Şeyhü’l Hazîn Hazretleri hakkında çok az bilgi ve belge bulunmaktadır. Bunun ilk nedeni kendisini şöhretten uzak tutması, diğeri ise Şeyh hazretlerinin evinde çıkan bir yangın nedeniyle kütüphanesinin bir kısmının yanmış olmasıdır. Şeyhü’l Hazîn’in (k.s.) Hac yolculuğu dönüşü İstanbul’da uğradığı Muhammed İstanbulî adlı bir halifesi olduğu bilinmektedir. Hakikatleri açıklamada Hz Mevlânâ (k.s.) ne güzel buyurur “Gaflet tendedir. Ten ruh olunca sırlar Hazînesi ona açılır.” Şeyhü’l Hazîn (k.s.) Siirt Ulu Cami’de 40 gün boyunca İhlas Sûresi’nin tefsirini yapmış, “Kıyamete kadar anlatsam, kalbimdeki İhlas Sûresi’nin anlamı bitmez” buyurmuştur.
Vaaz ve nasihat ettiği zamanlar dışında yüzünü örttüğü, Rus harbi sırasında halkı Sultan Abdülhamid’e itaate ve cihada çağırdığını Hasan Fehmi Efendi’nin yazmış olduğu bir kasideden biliyoruz.

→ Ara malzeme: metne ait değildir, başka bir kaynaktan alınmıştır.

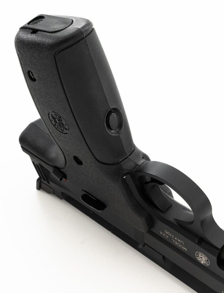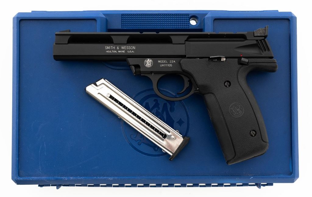 Smith & Wesson Model 22A Semi-Automatic Pistol, #UAY1105, .22 LR cal., 5.5" bull barrel, dark blue finish, black aluminum alloy frame, original two-piece black polymer grips. Pistol features a solid raised rib that is grooved for scope mounts, with integral blade front sight, adjustable square-notched rear sight, with two (2) factory 10-round magazines. In original blue plastic case with matching numbered end label and owner's manual. Condition is excellent, retaining approx.98% factory finish, with only minor handling marks. Grips show minimal wear. Action is smooth, bore is bright with excellent rifling. Est.: $200-$350. (Modern/PPT)
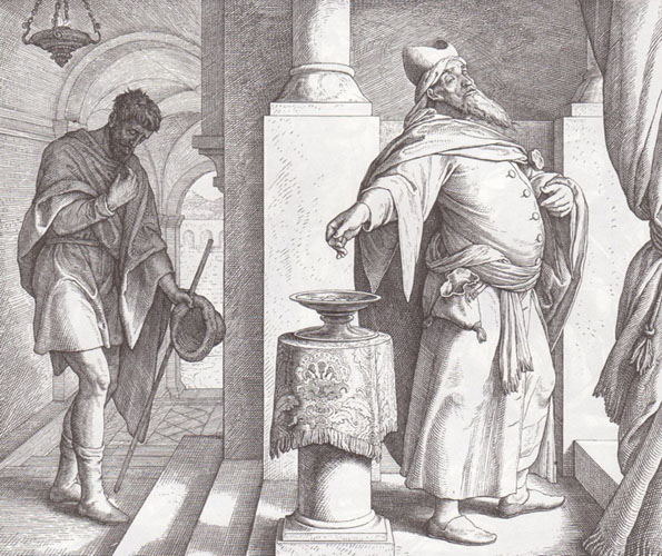 ukazuje obydwu mężczyzn w Świątyni. Faryzeusz wrzuca akurat monetę do

Bu vesile ile Şeyh Muhammed El Hazîn hakkında son dönemde yayınlanmış olan bir kitaptan bahsetmek isterim: Şeyh Muhammed El Hazin ve Divanı. Eseri yayına hazırlayanlar, Mugisiddin Aydın Efendi ve Prof. Dr. Ali Bulut’tur. Prof. Dr. Ahmed Turan Arslan naif bir sunuş yazısı, Prof. Dr. Necdet Tosun bir takriz ile kitaba katkıda bulunmuşlardır.
Kitap 6 bölümden oluşmaktadır. 1. bölümde Şeyh Muhammed El Hazîn hazretlerinin doğumu, köyü, tahsili, eğitim gördüğü medreseler ve hocalar, talebeleri, vefatı, ilmî ve tasavvufî yönleri, halifeleri, şemaili, şeceresi, hanımı ve çocukları, bazı keramet ve menakıbı, kendisinden sonra gelen Silsile-i Aliye’si hakkında bilgilere yer veriliyor. 2. bölümde Şeyh hazretlerinin Divan’ının tercümesi; 3. bölümde Şeyh hazretlerinin 2 kasidesi için yapılan şerhlerin çevirileri; 4. bölümde araştırmacılara kolaylık olması için Divan’ın aslı; 5. bölümde Şeyh hazretleri hakkında yazılmış methiye ve mersiyeler ve 6. bölümde ise icazetnameler, belgeler ve sözlük bulunmaktadır.
Ayrıca 12-13 Mayıs 2017 tarihlerinde Siirt’te Şeyh Muhammed El Hazîn Sempozyumu düzenlenecektir.
Şunu belirtmeliyim ki değerli vaktini bana ayırıp yazımı okumaya ayıran fikir verip düzelten kadim dostum Nevşehir Üniversitesi Fen Edebiyat Fakültesi araştırma görevlisi Kadri Yılmaz’a teşekkürü borç bilirim. Allah’u Teala ebeden razı olsun…
Faysal Kalkan
Bizi bu mukaddes yolda bilgilendirdiğiniz için teşekkür ederim. Allah razı olsun.